Los Angeles is the world leader in the most American of clothing items: bluejeans. High-end, hand-stitched, designer bluejeans that will you run well over $100 a pair.
But as the U.S. apparel industry continues to shrink, LA's bluejeans business faces a threat: a nearly 40 percent tariff, imposed by the European Union, that could cripple the city's jean business.
When people talk about Ilse Metchek they use phrases like "she's a piece of work," "a force of nature," "she's something else." If you want to talk fashion, she's your lady.
Metchek, president of the California Fashion Association, has more than 40 years' experience as a fashion designer. I went to her office in downtown Los Angeles to talk about jeans and fashion.
No sooner than I could sit down, she scrutinized every piece of clothing I was wearing — especially the fabric on my jeans.
"You see the pix, the pixel? That's treatment," Metchek says. "The fabric doesn't come like that. Some machine is streaking them that way; that's expensive. And they fit. There's a different fit. You didn't buy Levi's, you didn't buy a Gap jean. You bought those."

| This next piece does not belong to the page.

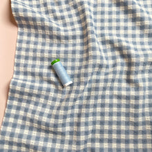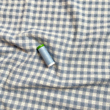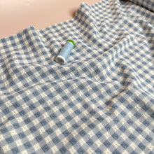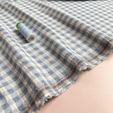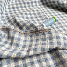 This yarn dyed cotton gingham fabric features small embroidered sections in alternating square, giving this fabric a lovely textured effect. This soft dusty blue and white gingham is perfect for spring and summer dresses, blouses, tops and skirts.

Seventy-five percent of the designer jeans sold in the world are made in California. Over the past 20 years, an industry cluster was created in Los Angeles. While much of clothing manufacturing has been shipped offshore, high-end or more sophisticated manufacturing stayed here.
And high-end jeans are complicated — there are different washes, distressing and elaborate designs.
"The more complicated you can make that jean look, the more expensive it is. And that is at the wash house. And we have most of the wash houses in the world right here," Metchek says.
To see how and where premium jeans are made, you have your choice of more than 30 different manufacturers in Los Angeles to visit. AG Jeans is one of the biggest, and the company makes some of the most expensive jeans — as much as $300 a pair.
More than 40,000 people work in the apparel business in Los Angeles County alone, with women's clothing responsible for the lion's share of those jobs.
In April, the European Union announced that tariffs on women's denim jeans would rise to 38 percent from 12 percent. It's retaliation for the United States' failing to comply with a World Trade Organization ruling.
Samuel Ku, who runs AG Jeans alongside his father, says the European tariff puts many of those jobs at risk.
"For our women's jean that's made in this factory ... we can't continue to do the same business shipping that jean to Paris. It's impossible," he says.
Ku says he'll still make the bulk of his jeans in Los Angeles, but he also has a factory in Mexico. He's likely to shift manufacturing there for the jeans that are exported to Europe. He says it won't be so easy for his competitors.
"[Because] they've got no options. ... Let's say you have a factory. Overnight, 30 percent of your business might be gone. You're going to be afraid."
Metchek says clothing companies could easily pick up and move to China or Mexico.
"They make them here, and they trade on the Made in USA label. ... They will still be in business, but that label will come off," she says. And with it, Metchek says, could go thousands of U.S. jobs.